I have also applied to become a Research Associate with the Institute for Development Research, that is based at Oxford Centre for Mission Studies, Oxford in the UK. This will be a good forum for researching on vital issues facing Christians working in transformational development around the world.

Three New Students

Pray for three students, now studying at Ibeno Bible college in Kisii in Kenya, as sent by Yala Theological centre. They are due to spend alternative terms studying at Ibeno, and helping us in the teaching in Yala.

Spreading the Word – doesn’t end!

10 years since we began, I have yet to tire of telling people of our Bible teaching programme. I tell big people and little people. "Gima utiyo en Bible Study koso" (what you are doing is Bible study isn’t it?) asked this "big" man. "Da" (no) I responded, "watimo pounjruok Muma" (we are doing pounjruok muma.) [Bible study to me is trying to make someone into a Western Christians, but "pounjruok muma" (i.e. the Luo translation of the same) is bringing Christ to people in their lives and cultures!]

"There are many groups who come to Kenya these days" he said. "Some of them have very questionable teachings." He gave me an example of a man he knew who used to drive a 4WD around and to eat well, but never to do a stroke of work. He had obviously deceived some foreigners into supporting him for nothing.

We conversed in Dholuo. When I told him that our school had been around for 10 years, he began to take me seriously. "Perhaps something that has kept going for 10 years is worth having", I guess he thought to himself. I wrote down our teaching programme for him. He said he’d come along to one of our classes and see what we are doing. Let’s see if he does. He insisting on pushing my bicycle up the muddy track from his house to the road for me – that seemed to be a good sign!

I have often said that your best friend in Africa, will not be the one who meets you with a smile when you first arrive. That one specialises in welcoming new folks, and doesn’t always know what to do with them when they have been around for a while. Maybe I have made a friendship that couldn’t have been made without 10 years of running around first?

Daily Asking

My eleventh year in Kenya, and still a day rarely goes by without my being asked for money. Yesterday an old lady asked me for £3.50 to help her to go to hospital to be examined. She tells me that she is in constant pain in her joints.
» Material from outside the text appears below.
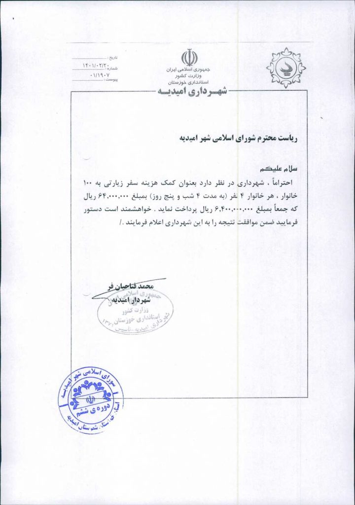 نامه شماره فوق مبنی بر اینکه شهرداری در نظردارد بعنوان کمک هزینه سفر زیارتی به ۱۰۰ خانوار، هرخانوار۴ نفر(به مدت ۴شب ۵روز) جهت هر خانوار مبلغ شصت و چهار میلیون ریال، جمعاً مبلغ شش میلیارد و چهارصد میلیون ریال پرداخت نماید، موضوع در جلسه مطرح و پس از بحث و بررسی با مجموع آراء ذیل مصوب گردید.

Today a colleague pleaded for me to give him £60.00 to pay his younger brother’s school fees – his brother just having been sent home from school because he hadn’t yet paid enough. The previous day there was a big celebration commemorating the 10 year anniversary of the death of a villager who has now, according to the reports I hear, had a very smart house (i.e. mausoleum) built for him over his grave.

Neither young men nor old men seem to realise that actually school is intended to help people look after themselves in their community. (I have discovered that when you are taught something in someone else’s language, then it is easy to continue to look to "someone else" to employ and pay you after you have finished learning. For something to help you to function with your "own people", you really have to be taught in your own language!) The family who spent a small fortune on their late relative clearly think that he needs more looking after than some decrepit widow somewhere. The widow asking me to pay for her to go to hospital was a bit of a self contradiction – she clearly believes herself to be bewitched, so why go to hospital? (If you have been bewitched, then you need a witchdoctor, or to be prayed for.) I prayed for her, and will continue to visit her and pray for her. I will also pray for the young man who has been misguided into thinking that school will solve his problems, and the wealthy family from Tororo who feel that not providing for their late father may result in his haunting them. (Some details altered). Please join me in prayer for these people and others like them.

Postscript. I appreciate that the above writing is not based on Western values. Reading it, may be a culture shock. I concede also that there is some guesswork involved - how do I know that the mausoleum was built through fear of haunting? I don’t "know" this, but many locals seem to think it is the reason, so there must be some truth in it.